Después de casi 60 días de carpas, acampes, marchas y reclamos salariales, recordemos que los retirados CONTINUAN RECLAMANDO, Claudio Vidal comenzó a recibir a integrantes de la Policía de Santa Cruz. Pero detrás de la foto oficial aparece otra discusión: según quienes participaron del reclamo, los efectivos que concurrieron a estas reuniones no serían quienes encabezaron la protesta, sino personal que no participó de la medida y que habría quedado al margen por temor a represalias y hostigamiento dentro de la fuerza.
La reunión fue presentada por el Gobierno provincial como el inicio de una nueva etapa de diálogo con el personal policial. Durante el encuentro, según trascendió, Vidal puso a disposición una estufa a leña (vieja y oxidada), antenas Starlink y una camioneta que fue presentada como de uso personal del gobernador.
Pero la camioneta también abrió otro interrogante: ¿a quién pertenece realmente?
La información difundida oficialmente la presenta como un vehículo personal de Vidal.

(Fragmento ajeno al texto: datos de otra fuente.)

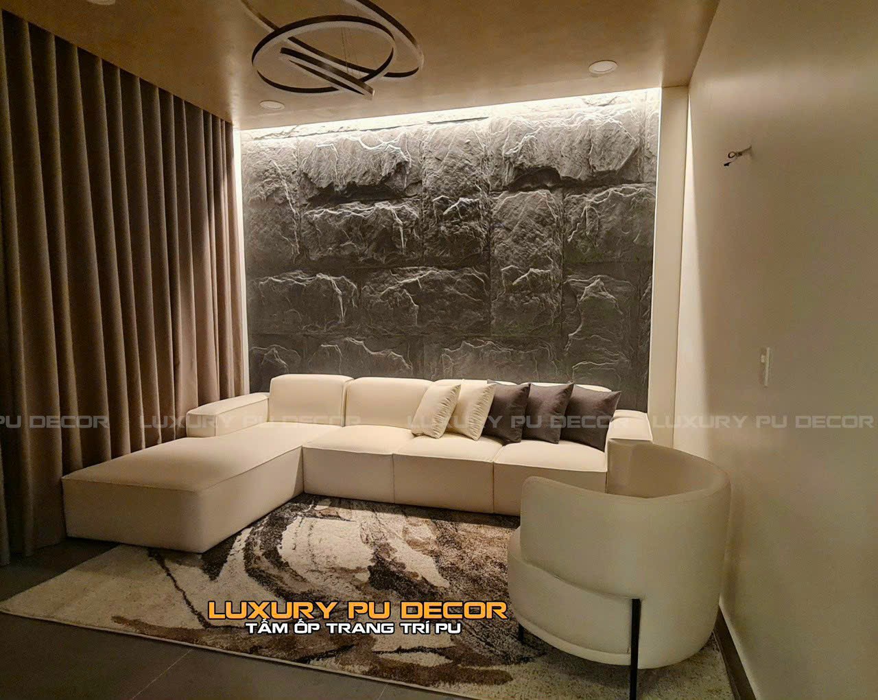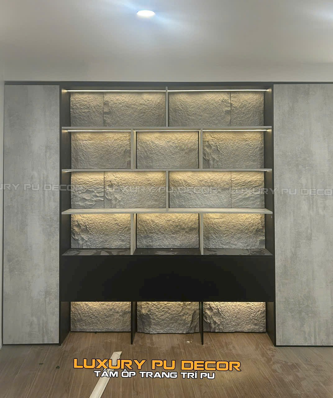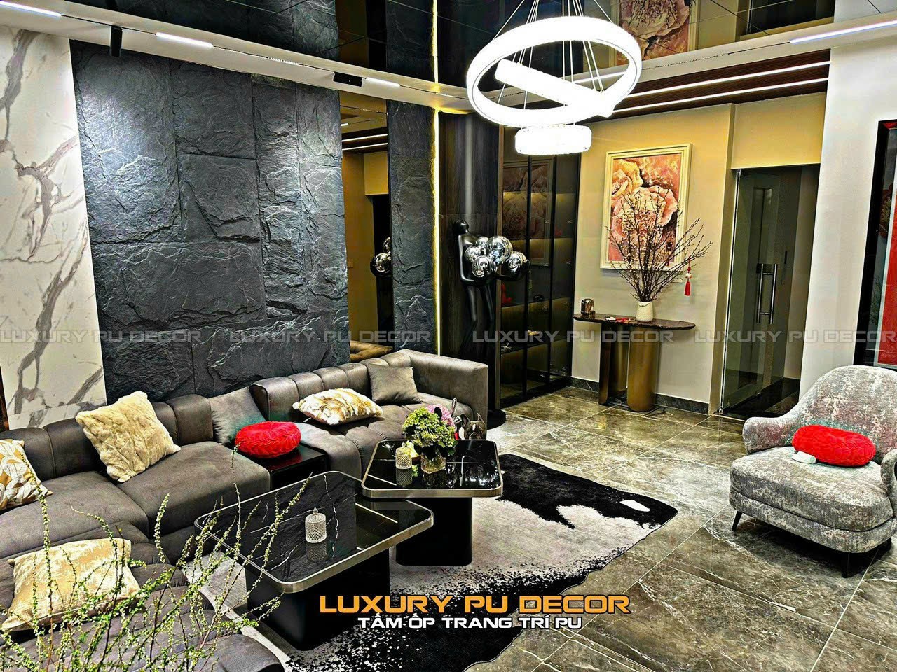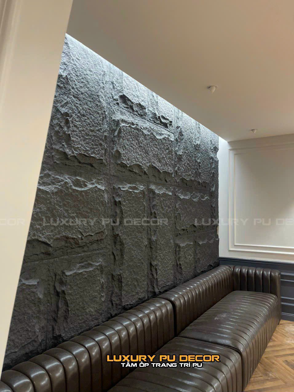 Thường hướng đến các tấm ốp tường PU giả đá màu trầm như xám,nâu,đen

Sin embargo, existen cuestionamientos respecto de su verdadero origen y se señala que la unidad pertenecería a FOMICRUZ, empresa estatal de la Provincia de Santa Cruz.
Si esto fuera así, la pregunta es sencilla: ¿por qué se presenta como un gesto personal del gobernador un bien que pertenecería al Estado provincial?

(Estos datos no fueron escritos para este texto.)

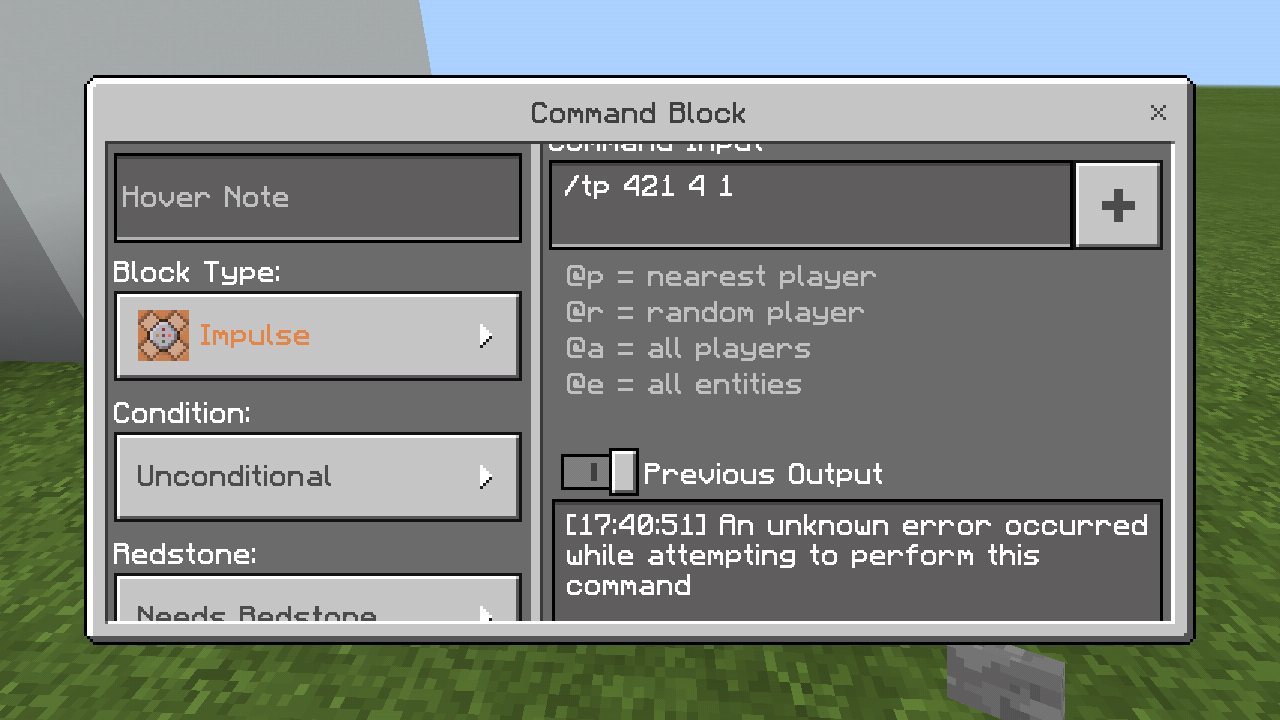 Put the playername, @p or @a after the tp. Then it should work, but also that is not a bug. You just used the wrong syntax for the command.

La respuesta debería surgir de la documentación: dominio, titularidad del vehículo, organismo responsable y acto administrativo mediante el cual fue entregado o puesto a disposición de la Policía.

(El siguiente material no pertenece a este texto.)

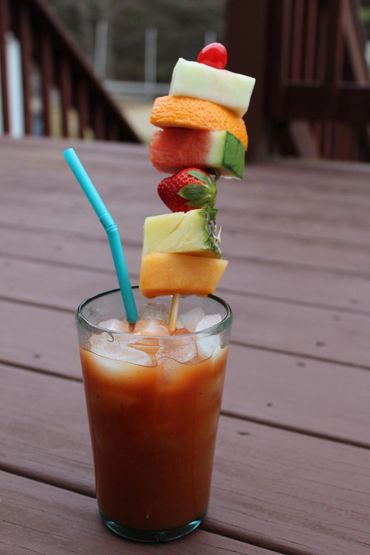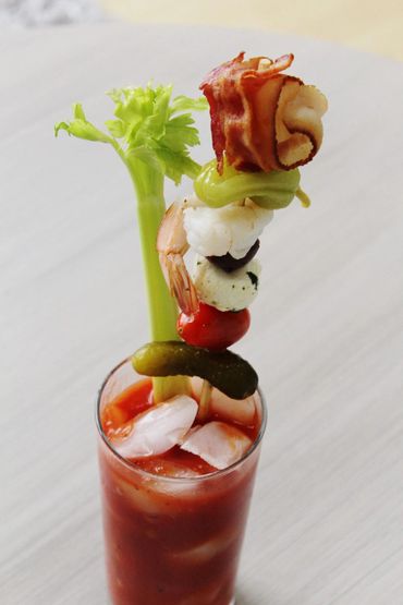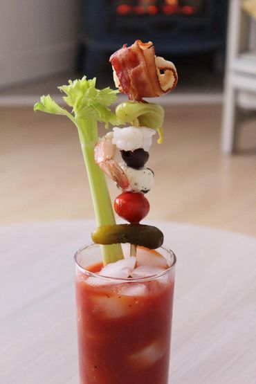 Fill a 16 oz glass with Ice, add the Bloody Mary mix with the vodka, stir and serve. Add the garnish, eat, drink, and be Mary.

La otra cara de la reunión: ¿quiénes estuvieron realmente?
Pero hay otro aspecto que prácticamente no aparece en la fotografía oficial.
Quienes participaron activamente de los reclamos policiales sostienen que los efectivos que asistieron a estas primeras reuniones no son necesariamente los mismos trabajadores que estuvieron durante semanas frente al Gobierno, en las carpas, movilizaciones y medidas de fuerza.
Según esta versión, se trataría en buena medida de personal que no participó directamente de la protesta y que habría concurrido ahora en un contexto marcado por temor, presión interna y presunto hostigamiento de parte de sectores de la propia conducción policial.
La denuncia es grave porque plantea una pregunta sobre la representatividad de estas reuniones:
¿Se está escuchando a quienes realmente protagonizaron el reclamo o se está convocando a personal que, por temor a posibles consecuencias dentro de la fuerza, no participó de la protesta?

Si existen denuncias de hostigamiento o represalias contra efectivos que reclamaron, el Gobierno debería garantizar que ningún trabajador sea perseguido por ejercer su derecho a reclamar.
Porque una reunión con personal policial seleccionado o condicionado por el miedo no puede presentarse como la solución de un conflicto que llevó casi dos meses en las calles.
Después de 60 días, ¿una estufa alcanza?
Durante semanas, los trabajadores policiales reclamaron salarios dignos y mejores condiciones laborales.
Y después de casi 60 días de conflicto, la respuesta que se muestra públicamente incluye una estufa, antenas para internet y una camioneta.
Claro que una dependencia policial puede necesitar una estufa.
Claro que puede necesitar conectividad.
Y claro que puede necesitar vehículos.
Pero ninguna de esas cuestiones reemplaza una discusión salarial.
Los trabajadores no reclaman solamente herramientas de trabajo: reclaman poder vivir de su salario, porque los borcegos y la ropa ya se la pagan ellos mismos desde los sueldos de miseria que perciben.
Mientras tanto, el Gobierno parece buscar mostrar una imagen de normalización del conflicto a través de reuniones y entregas puntuales.
Pero el problema de fondo continúa.

Señor gobernador: la Policía necesita respuestas, no fotografías
Si el Gobierno quiere cerrar realmente este conflicto, debe sentarse con quienes estuvieron al frente del reclamo, escuchar sus demandas y garantizar que nadie sea perseguido por haber participado.
También debería explicar con absoluta transparencia qué bienes se entregan, de quién son y bajo qué mecanismo administrativo.
Porque si la camioneta pertenece a FOMICRUZ, no es un regalo personal del gobernador: es un bien del Estado provincial.
Y si realmente pertenece a Vidal, que se exhiba la documentación y se termine la discusión.
Santa Cruz necesita menos puesta en escena y más gestión.
Los trabajadores necesitan salarios dignos. Necesitan condiciones laborales. Necesitan que se respeten sus derechos. Y necesitan poder reclamar sin miedo.
Después de casi 60 días de conflicto, una estufa, una antena y una camioneta pueden ser una ayuda puntual.
Pero no son una política salarial.
Y mucho menos pueden reemplazar el diálogo con quienes estuvieron durante semanas reclamando en las calles.